MetaPhlAn 4.1 release (new virome database and SGB database update)

Announcement: We are pleased to share that MetaPhlAn 4.1 is now available, which includes a new module for viral profiling as described in this bioRxiv preprint (Discovering and exploring the hidden diversity of human gut viruses using highly enriched virome samples). This is enabled by an updated MetaPhlAn database version (vJun23), which also includes 6,272 more SGBs compared to the previous version (vOct22). A parallel release for HUMAnN 3 (v3.9) is also provided to maintain compatibility between MetaPhlAn 4’s updated taxonomic profiles and HUMAnN 3’s (non-viral) pangenome catalog.

For details on MetaPhlan 4, check announcing MetaPhlAn 4 or visit the MetaPhlAn 4 GitHub repository.

MetaPhlAn new viral database in a nutshell

In MetaPhlAn 4.1 we introduce a new option (–profile_vsc) that allows the user to profile a set of >162,000 viral sequences extracted from thousands of metagenomics assemblies. The database was built by leveraging 5,651 contigs from 255 viromes highly enriched for virus-like particles, that were then used to retrieve thousands more similar sequences from viromes and metagenomes. We validated the catalog by removing sequences mapping against binned MAGs (to discard sequences of clear bacterial origin), and kept only those sequences found multiple times in unbinned metagenomes (more likely to represent viruses).

The sequences were clustered into 3,944 VSCs (Viral Sequence Clusters), then further grouped into 1,345 Viral Sequence Groups (VSGs). A total of 45,872 representative viral sequences were then included in this MetaPhlAn 4.1 release. Each cluster/group is labeled as known (kVSG) or unknown (uVSG) depending on the presence of at least a viral RefSeq reference genome within the cluster. A set of 45,872 sequences that are representative of each viral group are now incorporated in the MetaPhlAn database.

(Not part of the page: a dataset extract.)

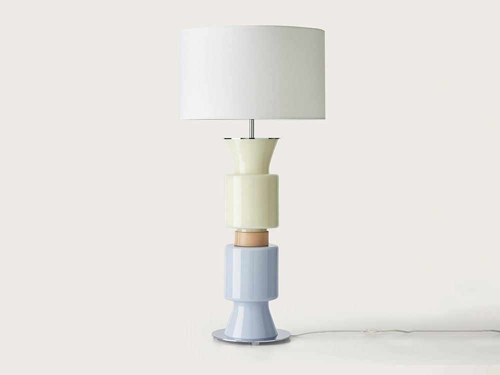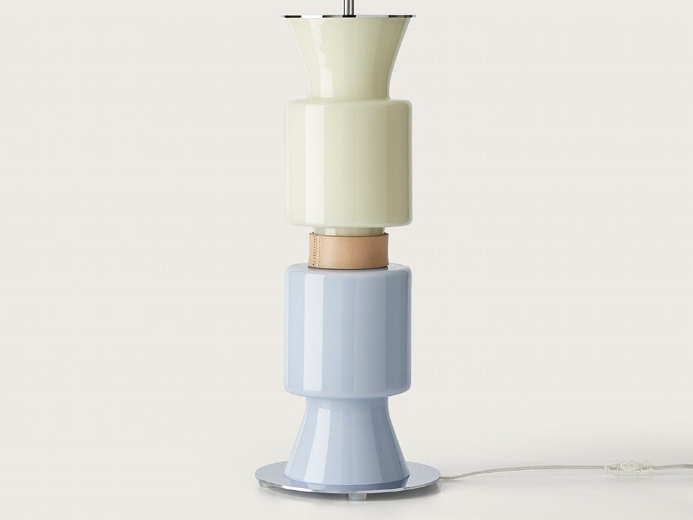 Дизайнерское основание настольной лампы со стальной конструкцией в золотом, хромированном, черном или белом исполнении с двумя элементами из цветного стекла и декоративным элементом из натуральной кожи. Вы можете добавить к нему абажур.

With this new optional command, MetaPhlAn 4.1 will report the breadth of coverage of each Viral Sequence Group (VSG), in a separated file and in parallel with the standard analysis, without the need for an additional mapping.

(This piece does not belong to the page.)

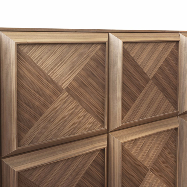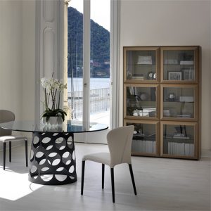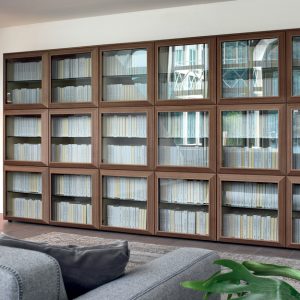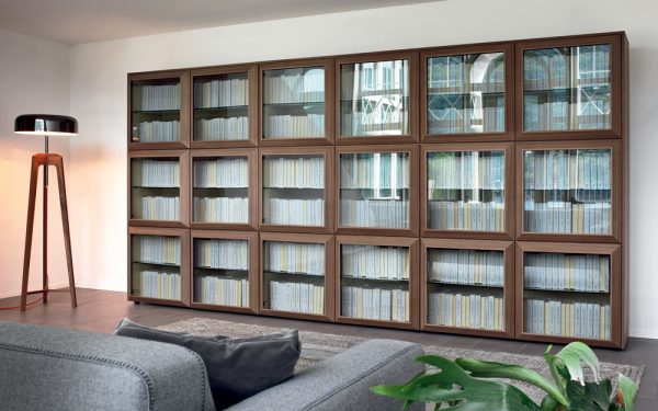 The Kvadro is a versatile doored bookcase available in a range of modular compositions featuring smoked glass or inlayed canaletto walnut wood doors set into a raised angular wood frame for a bevelled look.

Additionally, we derived potential virus-host associations by mapping the viral sequences against CRISPR spacers derived from 546,457 microbial genomes and MAGs, further validating the phagic nature of the majority of the sequences in the catalog (>90% of the viral groups were assignable to a microbial host) and providing potential phage-host associations together with the viral profiling module.

What is new in MetaPhlan 4.1

  • Ability to profile viruses leveraging a custom viral sequence database. For details on the usage of the new MetaPhlAn 4 viral module check the tutorial.
  • Possibility of subsampling reads on the fly during the MetaPhlAn run. For a usage example check the tutorial.
  • Several StrainPhlAn (available within MetaPhlAn) improvements (now StrainPhlAn 4.1), including faster execution times for small/medium trees, faster –print_clades_only mode, and simplified sample/marker filtering parameters (check the change log for the full list).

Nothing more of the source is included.